Thank you so much for including our
family in your spotlight!  Ty and I have been married for 10 years after
being college sweethearts.  We live in Minneapolis with our beautiful
1-year old daughter, Leah, who has spina bifida.  Spina bifida is a neural
tube defect that affected the way her spine was formed when she was just a 4-6
week old fetus.  The area where the defect actually occurs is called the
lesion, and Leah’s lesion happens around the Lumbar-2 vertebrae, right in the
middle of her back.  It means that her nerves below the lesion are damaged
and it’s why she doesn’t have feeling or movement below her hips.  SB also
causes hydrocephalus, which is a build-up of fluid in her brain.  It
sounds scary and can cause brain damage if it isn’t treated, but luckily her is
managed with a shunt.  Most days we don’t even think about it.

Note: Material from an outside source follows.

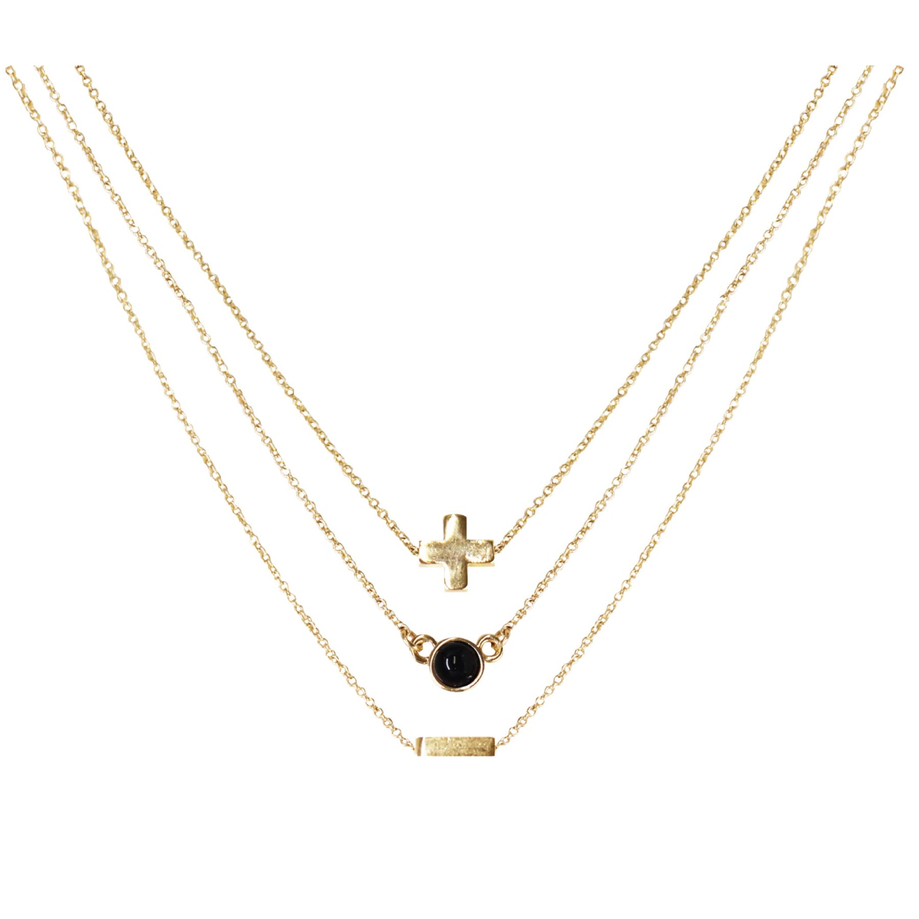 Collar chapado en oro de 18 k y ónix de 16" (juego de 3)

Because her legs don’t have feeling or movement, she gets around by
either crawling or rolling in her wheelchair.  None of this has affected
how happy or smart or funny or incredible she is.  I keep a blog and
welcome visitors to learn more about us and Leah and to see just how normal
life is: http://leahs-sb-journey.blogspot.com/
***************
Miggy:
Hi Jen!  Thank you so much for participating in today’s spotlight.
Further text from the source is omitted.